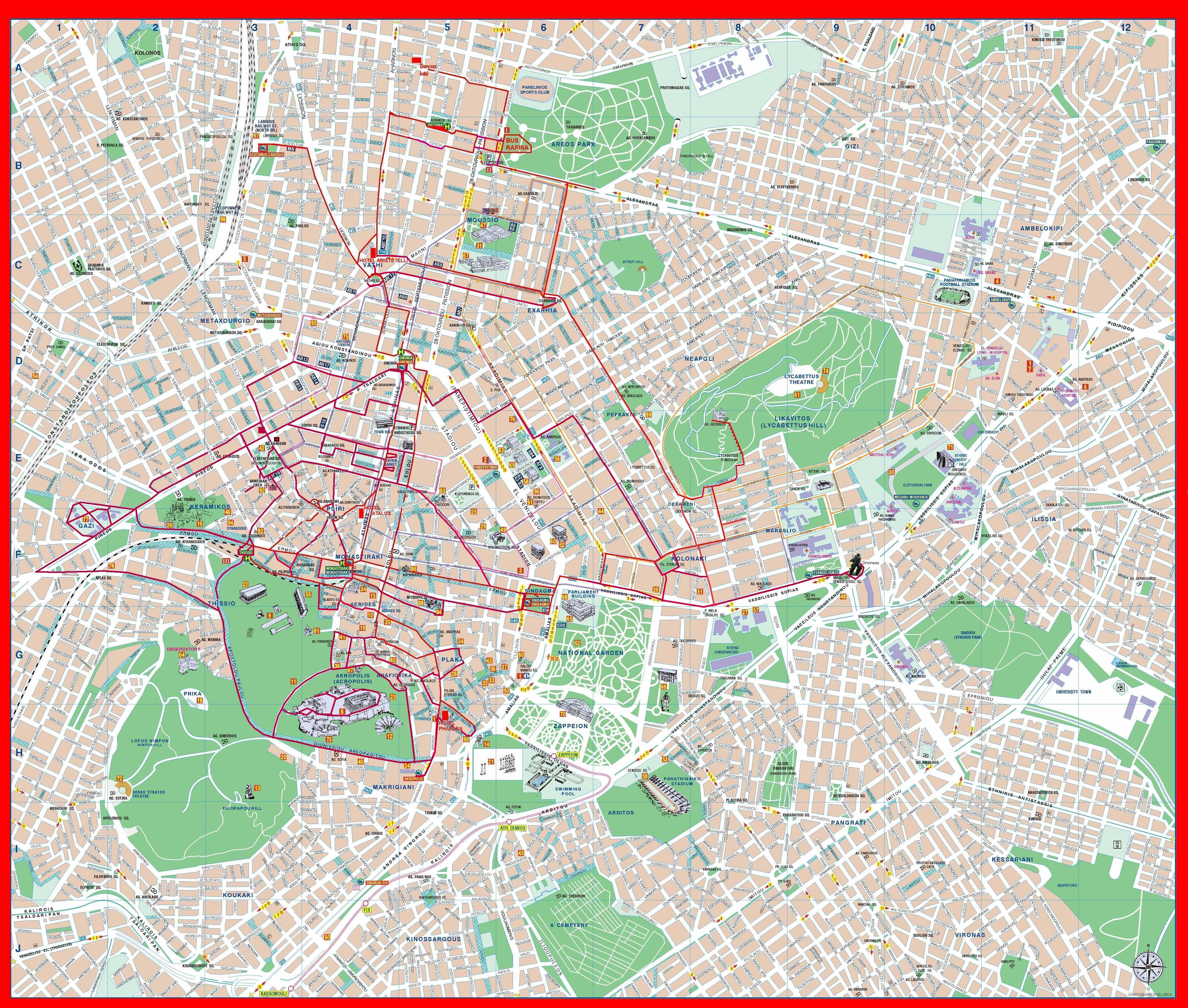 Op deze pagina met kaarten van Athene zie je een klein kaartje van Athene en omgeving en een grote overzichtskaart van de stad met bijbehorende legenda.
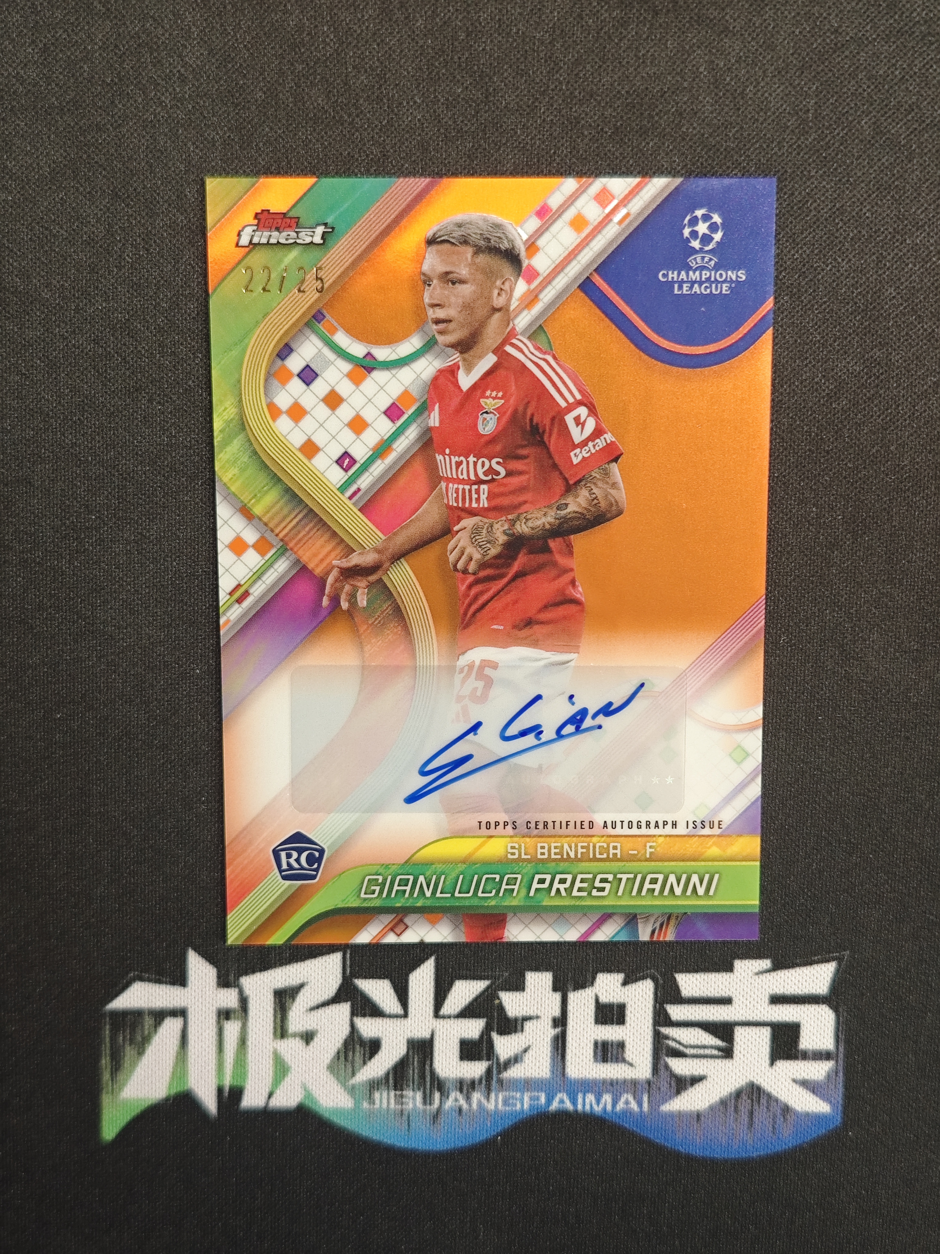 2024-25 Topps Finest Gianluca Prestianni RC 普雷斯蒂安尼 22/25编 橙折 签字 低编稀有 阿根廷 本菲卡新秀前锋 欧战 完美墨迹 微瑕如图w WG139
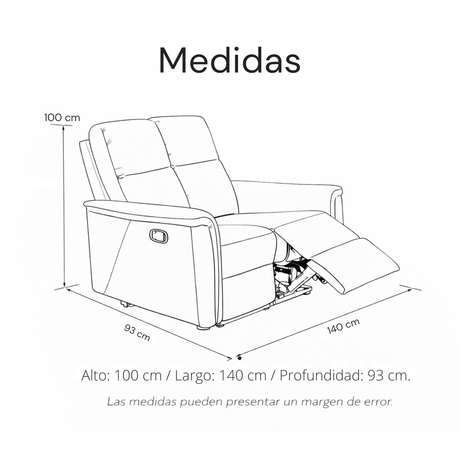 Sofá Tacito eléctrico reclinable 1P
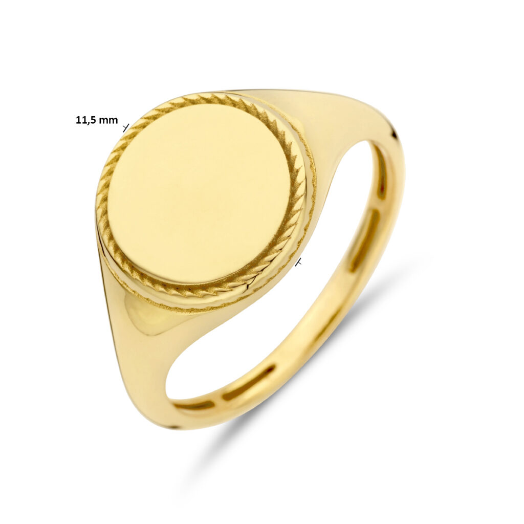 14k Geelgouden graveerring met een breedte van 11.5mm.
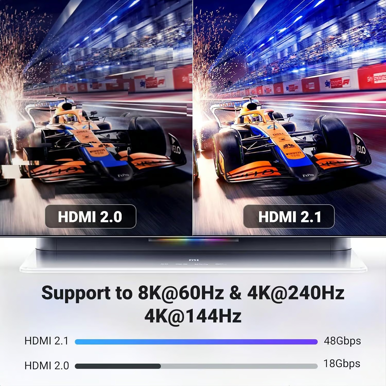 - The HDMI 2.1 cable supports HDR(high wide range) technology, providing a wider color gamut and high transmission rate to reduce latency and eliminate motion blur, always giving you the best experience.
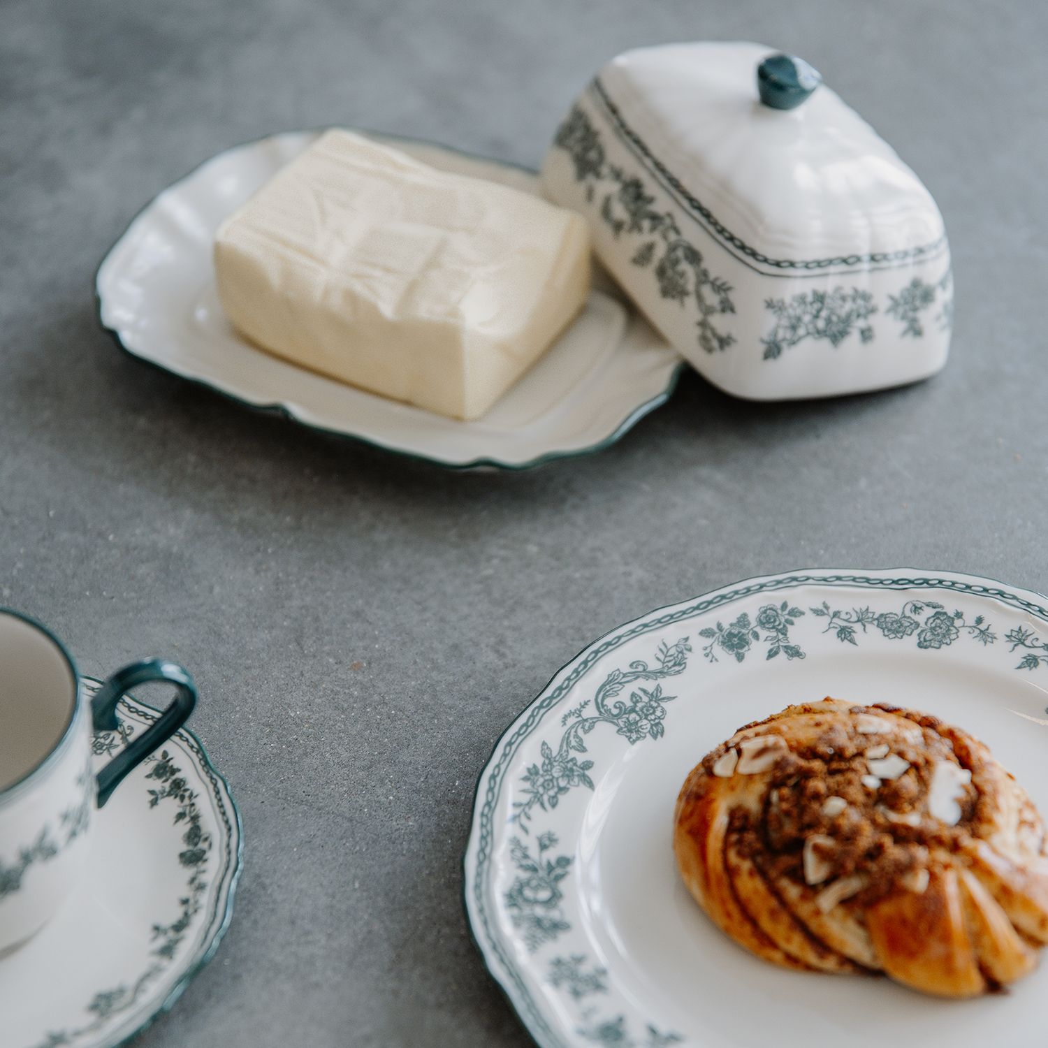 De Cyril-collectie brengt een frisse heropleving van vintage charme naar je tafel. Delicate bloemmotieven, herzien in modern groen en diep bordeaux, vinden de perfecte balans tussen nostalgisch karakter en eigentijdse stijl.
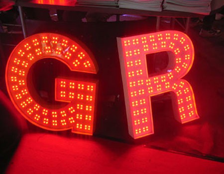 外露發(fā)光字又被稱為不銹鋼沖孔發(fā)光字、鈦金字、鋅鐵字等,分別由不銹鋼板,鈦金板,鍍鋅鐵板沖孔后,裝上LED防水燈串制作而成。在制作前要先選好材料,做什么字,選什么材料,根據(jù)字體大小,安裝的位置和客戶的要求,選擇相應的板材,然后把整張的板材用機床進行沖孔,然后用刻機對面板刻出字形,然后把刻好的字焊接成立體邊,再進行打磨光滑,避免毛刺。然后就是噴烤油漆,油漆干后,就可以裝LED單顆燈串了,裝燈串的時候務必要考慮能夠方便接線,每顆燈用橡膠套做風水處理,這么做也比較有利于后期對外露發(fā)光字進行維護。
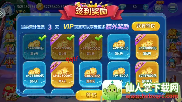 2. 免费炮台:炫酷永久炮台免费送,让玩家在捕鱼时更具优势,体验感更佳。

_Exercise goal_
Given the listing above, retype only the span of lines from the line with "14k Geelgouden graveerring" up to and including the line with "- The HDMI 2.1", exactly as it stands and without pictures.

_Solution below_
 14k Geelgouden graveerring met een breedte van 11.5mm.
 - The HDMI 2.1 cable supports HDR(high wide range) technology, providing a wider color gamut and high transmission rate to reduce latency and eliminate motion blur, always giving you the best experience.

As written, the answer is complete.